Input for this task =
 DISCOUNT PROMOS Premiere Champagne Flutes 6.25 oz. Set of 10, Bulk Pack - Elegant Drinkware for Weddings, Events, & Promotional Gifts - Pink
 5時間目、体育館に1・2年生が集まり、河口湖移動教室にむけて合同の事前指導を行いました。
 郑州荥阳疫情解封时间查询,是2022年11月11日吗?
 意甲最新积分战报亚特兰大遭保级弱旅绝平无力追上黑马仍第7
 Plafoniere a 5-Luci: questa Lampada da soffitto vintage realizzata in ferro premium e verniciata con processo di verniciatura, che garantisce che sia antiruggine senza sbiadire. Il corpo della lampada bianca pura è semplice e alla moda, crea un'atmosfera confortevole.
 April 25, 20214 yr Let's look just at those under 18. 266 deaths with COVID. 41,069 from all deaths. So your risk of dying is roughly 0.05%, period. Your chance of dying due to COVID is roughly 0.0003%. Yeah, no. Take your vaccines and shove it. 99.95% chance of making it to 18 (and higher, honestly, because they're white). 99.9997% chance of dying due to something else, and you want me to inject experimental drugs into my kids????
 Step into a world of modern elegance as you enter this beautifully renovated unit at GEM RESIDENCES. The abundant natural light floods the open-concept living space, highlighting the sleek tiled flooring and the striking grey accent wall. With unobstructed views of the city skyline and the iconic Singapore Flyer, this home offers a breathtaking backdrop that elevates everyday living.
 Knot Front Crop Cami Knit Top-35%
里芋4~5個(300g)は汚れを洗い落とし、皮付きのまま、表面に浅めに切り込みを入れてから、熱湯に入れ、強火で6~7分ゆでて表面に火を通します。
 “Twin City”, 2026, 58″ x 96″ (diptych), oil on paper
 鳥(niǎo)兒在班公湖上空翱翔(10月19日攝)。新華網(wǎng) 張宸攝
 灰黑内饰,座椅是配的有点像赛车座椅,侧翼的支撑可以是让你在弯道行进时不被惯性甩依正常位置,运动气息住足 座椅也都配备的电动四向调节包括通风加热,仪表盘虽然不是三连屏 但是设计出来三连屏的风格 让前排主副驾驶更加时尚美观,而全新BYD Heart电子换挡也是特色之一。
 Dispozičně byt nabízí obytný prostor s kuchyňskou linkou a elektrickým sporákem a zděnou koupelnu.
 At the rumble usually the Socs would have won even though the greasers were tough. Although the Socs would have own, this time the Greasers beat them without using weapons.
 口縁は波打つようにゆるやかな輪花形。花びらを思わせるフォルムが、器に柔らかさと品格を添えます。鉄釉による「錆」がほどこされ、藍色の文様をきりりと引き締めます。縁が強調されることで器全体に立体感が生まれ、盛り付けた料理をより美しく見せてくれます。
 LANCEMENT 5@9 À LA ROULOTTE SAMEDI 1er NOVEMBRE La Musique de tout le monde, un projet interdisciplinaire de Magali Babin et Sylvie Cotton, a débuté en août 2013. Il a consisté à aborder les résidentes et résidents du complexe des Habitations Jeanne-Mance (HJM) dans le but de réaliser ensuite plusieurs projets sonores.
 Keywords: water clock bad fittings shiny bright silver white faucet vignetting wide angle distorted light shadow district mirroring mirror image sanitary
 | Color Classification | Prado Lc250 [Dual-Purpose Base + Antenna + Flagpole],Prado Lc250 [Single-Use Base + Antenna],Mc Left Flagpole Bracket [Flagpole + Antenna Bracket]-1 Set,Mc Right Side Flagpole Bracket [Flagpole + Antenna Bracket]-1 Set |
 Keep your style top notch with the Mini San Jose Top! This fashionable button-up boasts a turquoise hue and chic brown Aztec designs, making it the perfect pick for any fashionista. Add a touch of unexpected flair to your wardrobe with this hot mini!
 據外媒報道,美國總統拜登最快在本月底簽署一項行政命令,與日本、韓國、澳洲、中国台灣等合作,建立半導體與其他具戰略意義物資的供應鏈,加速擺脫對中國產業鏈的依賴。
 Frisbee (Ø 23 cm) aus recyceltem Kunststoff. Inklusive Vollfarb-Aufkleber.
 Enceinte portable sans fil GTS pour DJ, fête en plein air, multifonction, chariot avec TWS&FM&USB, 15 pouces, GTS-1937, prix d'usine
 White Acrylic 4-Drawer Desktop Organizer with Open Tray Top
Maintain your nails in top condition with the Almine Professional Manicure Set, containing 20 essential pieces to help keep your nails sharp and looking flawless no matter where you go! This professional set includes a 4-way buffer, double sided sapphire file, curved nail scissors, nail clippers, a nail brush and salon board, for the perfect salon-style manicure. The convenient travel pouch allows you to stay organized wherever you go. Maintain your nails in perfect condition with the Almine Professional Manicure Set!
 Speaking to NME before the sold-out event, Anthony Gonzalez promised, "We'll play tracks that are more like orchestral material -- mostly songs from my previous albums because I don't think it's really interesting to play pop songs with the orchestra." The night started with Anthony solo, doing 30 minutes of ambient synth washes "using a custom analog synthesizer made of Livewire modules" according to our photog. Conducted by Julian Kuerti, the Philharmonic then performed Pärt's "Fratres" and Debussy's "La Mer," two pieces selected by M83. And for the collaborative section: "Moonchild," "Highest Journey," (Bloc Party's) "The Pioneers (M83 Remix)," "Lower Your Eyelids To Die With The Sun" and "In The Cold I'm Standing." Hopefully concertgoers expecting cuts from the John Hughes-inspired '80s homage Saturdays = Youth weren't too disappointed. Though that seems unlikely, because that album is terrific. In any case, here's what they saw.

What the task requires =
All of the material should be copied verbatim.

Output for this task =
 DISCOUNT PROMOS Premiere Champagne Flutes 6.25 oz. Set of 10, Bulk Pack - Elegant Drinkware for Weddings, Events, & Promotional Gifts - Pink
 5時間目、体育館に1・2年生が集まり、河口湖移動教室にむけて合同の事前指導を行いました。
 郑州荥阳疫情解封时间查询,是2022年11月11日吗?
 意甲最新积分战报亚特兰大遭保级弱旅绝平无力追上黑马仍第7
 Plafoniere a 5-Luci: questa Lampada da soffitto vintage realizzata in ferro premium e verniciata con processo di verniciatura, che garantisce che sia antiruggine senza sbiadire. Il corpo della lampada bianca pura è semplice e alla moda, crea un'atmosfera confortevole.
 April 25, 20214 yr Let's look just at those under 18. 266 deaths with COVID. 41,069 from all deaths. So your risk of dying is roughly 0.05%, period. Your chance of dying due to COVID is roughly 0.0003%. Yeah, no. Take your vaccines and shove it. 99.95% chance of making it to 18 (and higher, honestly, because they're white). 99.9997% chance of dying due to something else, and you want me to inject experimental drugs into my kids????
 Step into a world of modern elegance as you enter this beautifully renovated unit at GEM RESIDENCES. The abundant natural light floods the open-concept living space, highlighting the sleek tiled flooring and the striking grey accent wall. With unobstructed views of the city skyline and the iconic Singapore Flyer, this home offers a breathtaking backdrop that elevates everyday living.
 Knot Front Crop Cami Knit Top-35%
里芋4~5個(300g)は汚れを洗い落とし、皮付きのまま、表面に浅めに切り込みを入れてから、熱湯に入れ、強火で6~7分ゆでて表面に火を通します。
 “Twin City”, 2026, 58″ x 96″ (diptych), oil on paper
 鳥(niǎo)兒在班公湖上空翱翔(10月19日攝)。新華網(wǎng) 張宸攝
 灰黑内饰,座椅是配的有点像赛车座椅,侧翼的支撑可以是让你在弯道行进时不被惯性甩依正常位置,运动气息住足 座椅也都配备的电动四向调节包括通风加热,仪表盘虽然不是三连屏 但是设计出来三连屏的风格 让前排主副驾驶更加时尚美观,而全新BYD Heart电子换挡也是特色之一。
 Dispozičně byt nabízí obytný prostor s kuchyňskou linkou a elektrickým sporákem a zděnou koupelnu.
 At the rumble usually the Socs would have won even though the greasers were tough. Although the Socs would have own, this time the Greasers beat them without using weapons.
 口縁は波打つようにゆるやかな輪花形。花びらを思わせるフォルムが、器に柔らかさと品格を添えます。鉄釉による「錆」がほどこされ、藍色の文様をきりりと引き締めます。縁が強調されることで器全体に立体感が生まれ、盛り付けた料理をより美しく見せてくれます。
 LANCEMENT 5@9 À LA ROULOTTE SAMEDI 1er NOVEMBRE La Musique de tout le monde, un projet interdisciplinaire de Magali Babin et Sylvie Cotton, a débuté en août 2013. Il a consisté à aborder les résidentes et résidents du complexe des Habitations Jeanne-Mance (HJM) dans le but de réaliser ensuite plusieurs projets sonores.
 Keywords: water clock bad fittings shiny bright silver white faucet vignetting wide angle distorted light shadow district mirroring mirror image sanitary
 | Color Classification | Prado Lc250 [Dual-Purpose Base + Antenna + Flagpole],Prado Lc250 [Single-Use Base + Antenna],Mc Left Flagpole Bracket [Flagpole + Antenna Bracket]-1 Set,Mc Right Side Flagpole Bracket [Flagpole + Antenna Bracket]-1 Set |
 Keep your style top notch with the Mini San Jose Top! This fashionable button-up boasts a turquoise hue and chic brown Aztec designs, making it the perfect pick for any fashionista. Add a touch of unexpected flair to your wardrobe with this hot mini!
 據外媒報道,美國總統拜登最快在本月底簽署一項行政命令,與日本、韓國、澳洲、中国台灣等合作,建立半導體與其他具戰略意義物資的供應鏈,加速擺脫對中國產業鏈的依賴。
 Frisbee (Ø 23 cm) aus recyceltem Kunststoff. Inklusive Vollfarb-Aufkleber.
 Enceinte portable sans fil GTS pour DJ, fête en plein air, multifonction, chariot avec TWS&FM&USB, 15 pouces, GTS-1937, prix d'usine
 White Acrylic 4-Drawer Desktop Organizer with Open Tray Top
Maintain your nails in top condition with the Almine Professional Manicure Set, containing 20 essential pieces to help keep your nails sharp and looking flawless no matter where you go! This professional set includes a 4-way buffer, double sided sapphire file, curved nail scissors, nail clippers, a nail brush and salon board, for the perfect salon-style manicure. The convenient travel pouch allows you to stay organized wherever you go. Maintain your nails in perfect condition with the Almine Professional Manicure Set!
 Speaking to NME before the sold-out event, Anthony Gonzalez promised, "We'll play tracks that are more like orchestral material -- mostly songs from my previous albums because I don't think it's really interesting to play pop songs with the orchestra." The night started with Anthony solo, doing 30 minutes of ambient synth washes "using a custom analog synthesizer made of Livewire modules" according to our photog. Conducted by Julian Kuerti, the Philharmonic then performed Pärt's "Fratres" and Debussy's "La Mer," two pieces selected by M83. And for the collaborative section: "Moonchild," "Highest Journey," (Bloc Party's) "The Pioneers (M83 Remix)," "Lower Your Eyelids To Die With The Sun" and "In The Cold I'm Standing." Hopefully concertgoers expecting cuts from the John Hughes-inspired '80s homage Saturdays = Youth weren't too disappointed. Though that seems unlikely, because that album is terrific. In any case, here's what they saw.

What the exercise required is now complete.